Levison invited the FBI agents in to sit down. He introduced them to his tiny dog, Princess. The agents cordially explained that they were there to conduct a background check, and they needed to learn more about who he was and about what Lavabit was all about. In order to present him with a classified court order from the Foreign Intelligence Surveillance Court (FISC), he had to be given a clearance. The first step in obtaining a clearance is an in-person interview.
The special agents didn’t even know who the target of the FISC order was—they were simply acting on behalf of their colleagues in Washington, DC.
Still in his volleyball outfit, Levison patiently explained how he had set up Lavabit, with digital security in mind. For a select group of paying customers (roughly 10,000 at the time), Levison offered an encrypted e-mail feature.
As an e-mail provider, Levison was primarily worried about being served with a national security letter (NSL), which would force him to act as a government agent and conduct secret surveillance of one of his users. Worse than that, Levison wouldn’t be able to tell anyone—not his own lawyer, and certainly not the target of the investigation—about what was actually going on.

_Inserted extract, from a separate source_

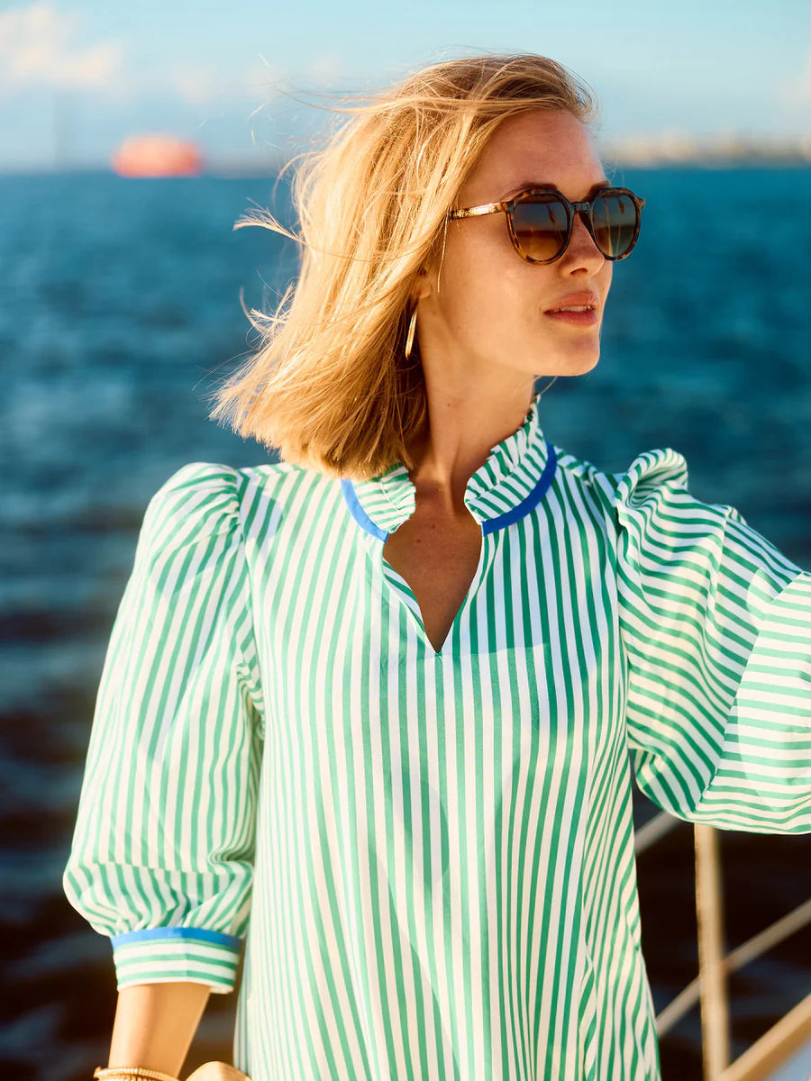 Effortlessly chic and endlessly versatile, the Naomi Dress is a perfect blend of sophistication and charm. Featuring a romantic ruffle V-neckline and 3/4 sleeves with elegant puff shoulders, this dress brings timeless femininity to your wardrobe. The contrast trim details add a modern, polished touch, while the functional pockets combine style with everyday practicality.

As he wrote on Lavabit’s website in 2013:
Lavabit believes that a civil society depends on the open, free and private flow of ideas. The type of monitoring promoted by the PATRIOT Act restricts that flow of ideas because it intimidates those afraid of retaliation. To counteract this chilling effect, Lavabit developed its secure e-mail platform. We feel e-mail has evolved into a critical channel for the communication of ideas in a healthy democracy. It’s precisely because of e-mail’s importance that we strive so hard to protect private e-mails from eavesdropping.

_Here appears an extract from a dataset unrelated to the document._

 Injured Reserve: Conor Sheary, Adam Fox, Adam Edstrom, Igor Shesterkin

Levison further explained, both on
his website and to the agents, that to protect stored e-mails, Lavabit used elliptical curve cryptography, a mechanism that enables public key and private key encryption. In essence, as applied to Lavabit’s setup, this meant that incoming messages were encrypted before they were saved to the Lavabit servers. This was related to, but distinct from, Pretty Good Privacy (PGP) encryption. It would be as if the post office put each letter and package into a locked safe before delivering it to your front door.
In short, if the user had paid for the extra security features, even he, as Lavabit’s owner, might not be able to access the e-mails.

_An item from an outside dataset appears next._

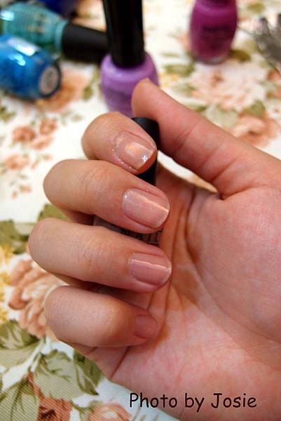 等指甲半乾後再用地一層底色整個指甲在塗一層!

Initially, Levison didn’t think much of the agents’ visit—he tried to answer the agents’ questions during their two-hour chat. He didn’t even think to get a lawyer.
On June 10, 2013, Levison received a d-order for a name that he initially read as “Snowman.” A court in the Eastern District of Virginia ordered him to turn over subscriber information and send it back. He did, via First Class mail.
“They weren’t paying me so I wasn’t going to spend $30 to overnight it so I put a stamp on it and sent it,” he told me.
The d-order required that Levison turn over the user information, including name, address, “records of session time and durations, and the temporarily assigned networks addresses,” length of service, means of payment, and other data, on the paying customer: Edward Snowden.
But Levison hadn’t put together that the user data that he had gathered together in a slapdash fashion, and whom he still thought was Snowman, was, in fact, the world’s most-wanted man.
* * *
The d-order Levison received was named for 18 United States Code § 2703(d), a portion of the 1986 Stored Communications Act (SCA), or Title II of the 1986 Electronic Privacy Communications Act (ECPA).